90% Confidence Interval: (63.550, 66.450)


**Q14.** In a study of the effects of caffeine on reaction time, a sample of 30 participants had an average
reaction time of 0.25 seconds with a standard deviation of 0.05 seconds. Conduct a hypothesis test to
determine if the caffeine has a significant effect on reaction time at a 90% confidence level using a t-test.

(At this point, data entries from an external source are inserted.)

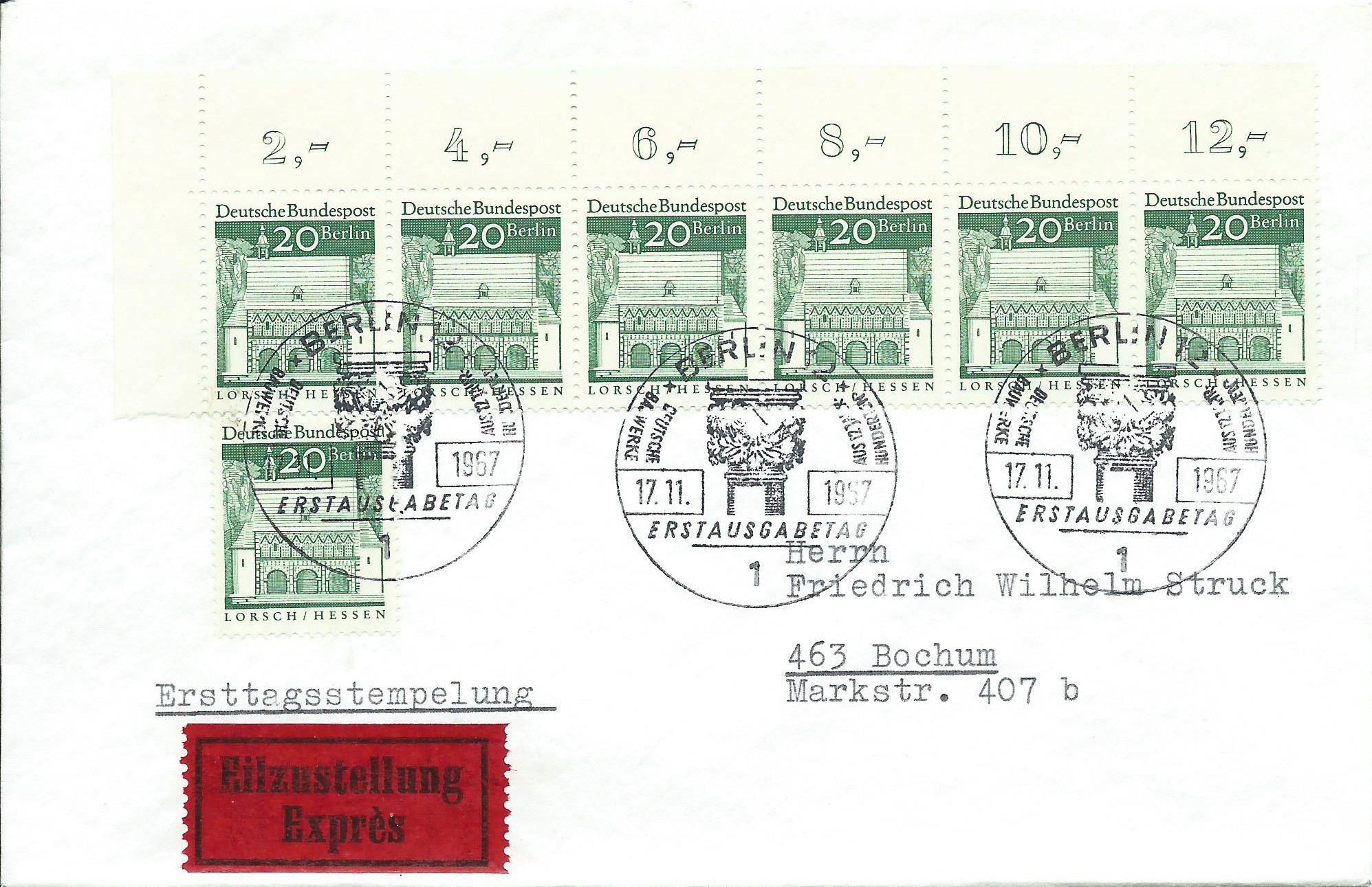 Dann folgt ein waagerechter 6-er-Streifen nebst einer Einzelmarke der 20 Pf-Marke auf einem Eilbrief mit Berliner Ersttagsstempel. Leider sind da 10 Pf zu viel verklebt, die Gebühr hätte 30 Pf für den Brief und 1 DM für die Eilzustellung betragen.
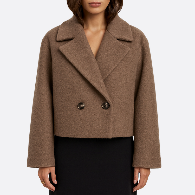 Ta elegancka damska kurtka z wąskimi klapami i dwurzędowym krojem łączy styl z wygodą, doskonale dopasowując się do sylwetki. Wykonana z miękkiego, strukturalnego materiału, jest idealna na chłodne dni, bez problemu łącząc się z sukienkami, spodniami czy codziennymi zestawami. Krótki płaszcz to wszechstronny element garderoby, który sprawdzi się zarówno w dniach roboczych, jak i na wieczorne wyjścia. Dodaj do swojej kolekcji modny oraz funkcjonalny akcent na sezon jesienno-zimowy.
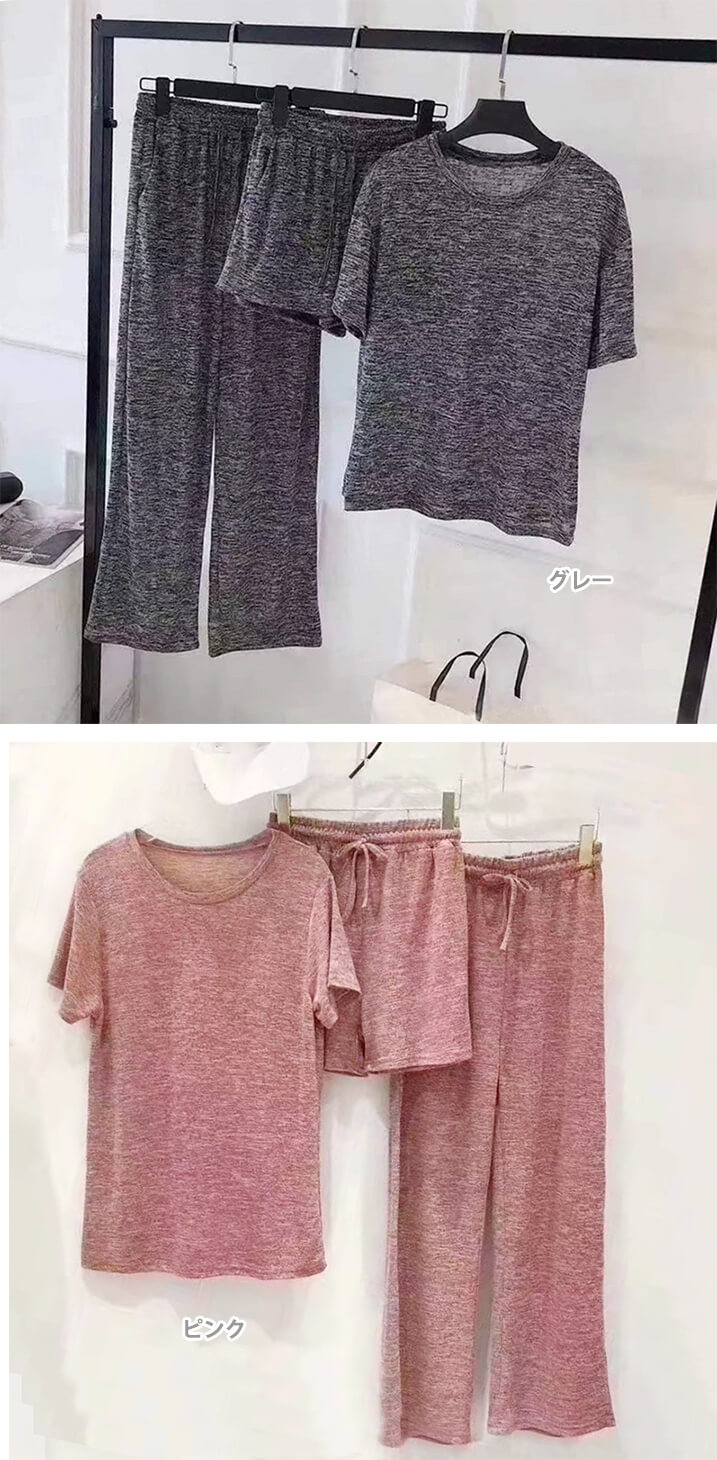 1B23 ルームウェア上下3点セット レディース ナイトウェア ルームウェア ルームウェア 上下セット 人気 グレー ピンク
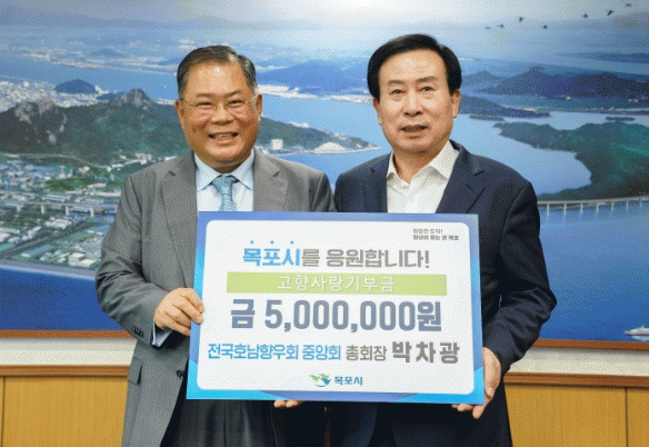 [¹Ìµð¾îÀü³² °í±Ô¼® ±âÀÚ]Àü±¹È£³²Çâ¿ìȸÁß¾Óȸ ¹ÚÂ÷±¤ ÃÑȸÀåÀÌ Áö³ ´Þ 30ÀÏ Á¦62ȸ ¸ñÆ÷½Ã¹ÎÀÇ ³¯À» ±â³äÇÏ¿© °íÇâ»ç¶û±âºÎ±Ý 500¸¸¿øÀ» ±âŹÇÏ¸ç ¸ñÆ÷ °íÇâ»ç¶û±âºÎÁ¦¿¡ µ¿ÂüÇß´Ù. ¹ÚÂ÷±¤ ÃÑȸÀåÀº ½Å¾È±º Ãâ»ýÀ¸·Î ¸ñÆ÷¿¡¼ ÇÐâ½Ã¡¦

To determine if caffeine has a significant effect on reaction time, you can conduct a hypothesis test using a one-sample t-test. The null hypothesis  typically states that there is no significant effect, while the alternative hypothesis suggests that there is a significant effect.

In [13]:
import scipy.stats as stats
import math

sample_mean = 0.25
sample_stddev = 0.05
sample_size = 30

# Significance level (alpha) for a 90% confidence interval
alpha = 0.10


null_mean = 0.25


standard_error = sample_stddev / math.sqrt(sample_size)

t_statistic = (sample_mean - null_mean) / standard_error

# Degrees of freedom
df = sample_size - 1

# Calculate the critical value for a two-tailed test
t_critical = stats.t.ppf(1 - alpha / 2, df)


if abs(t_statistic) <= t_critical:
    print("Fail to reject the null hypothesis. Caffeine does not have a significant effect on reaction time.")
else:
    print("Reject the null hypothesis. Caffeine has a significant effect on reaction time.")


Fail to reject the null hypothesis. Caffeine does not have a significant effect on reaction time.